Hudson was hysterical. He was screaming so loud when we walked into the ER that they called us back immediately and put us in an isolation room. Within 45 minutes Hudson had x-rays, an IV, some morphine and a diagnosis from the doctor that he had a "supercondylar fracture" which would require surgery to repair. Appartently this is a very common fracture in kids, but the surgeon said he usually sees it around age 6 or 7, not age 2. Well, he doesn't know Hudson. We must have explained what happened 100 times, but it wasn't until Hudson's morphine kicked in that we heard the TRUTH about what really happened. When the doctor asked him what happened he said, "I bounced. I bounced on my bed. I fall down..."

Well, that explains it.

He had surgery around 4:30PM yesterday afternoon, was out around 5:20PM and we were in a room by 7PM. The four of us spent the night together in his hospital room, and I must say, after that, I'm pretty sure we can handle just about anything. What a night! Hudson was a real trooper, he made us so proud. We were discharged around 10AM and he's been resting ever since.
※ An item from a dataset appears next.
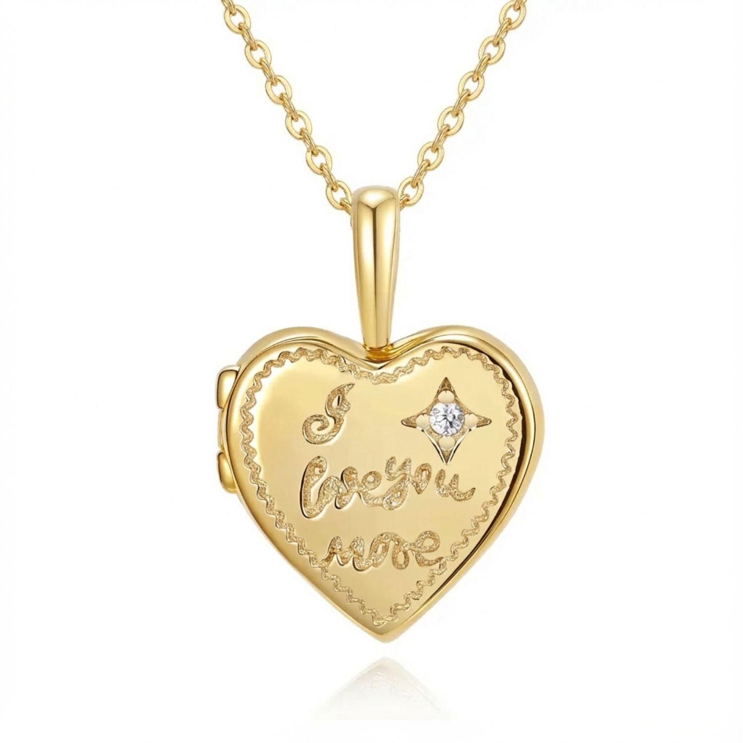 This elegant gold plated heart locket necklace is engraved with the loving message I Love You More, making it a timeless symbol of romance and devotion. The locket opens to hold a cherished photo or keepsake, creating a deeply personal piece to treasure. A perfect gift for anniversaries, birthdays, or Valentine’s Day, it arrives beautifully presented in luxury packaging.

He's wearing a cast and is set to see the surgeon again in about 10 days, then he'll continue wearing the cast for 3 1/2 weeks. It's going to be a long month. No swimming. No rough playing. No baseball. No soccer. No playing outside. YOW. ZA. Anyone want to come visit???

Scott and the Hud in the ER (post morphine).
Me, Madeline (in the moby) and the Hud with the Lightning McQueen balloon I bought him in the gift shop.
Post Surgery, even Lovey got a cast!

The morning after, Madeline and Hudson, such troopers!

Friday, August 3, 2012

Soccer

On Friday mornings Hudson has soccer class. It's not really soccer as in teams on a field chasing a ball around and scoring goals...it's more of an indoor (hey, it's HOT here!) sport, more of a preparatory soccer class if you will, sort-of gearing these kids up for soccer in their near future. For Hudson that's not soon enough.

Madeline and I joined Hudson the first day of soccer class, but it proved to be a bit challenging for us, so now Camille (our sitter) takes him every Friday. She sent me this video this morning to show me how he's doing and it made my day, so I'm sharing it with all of you. Hudson is such a good kid and he makes me so proud every day.


Wednesday, August 1, 2012

Madeline's Smile

Madeline is changing so much, so fast every day.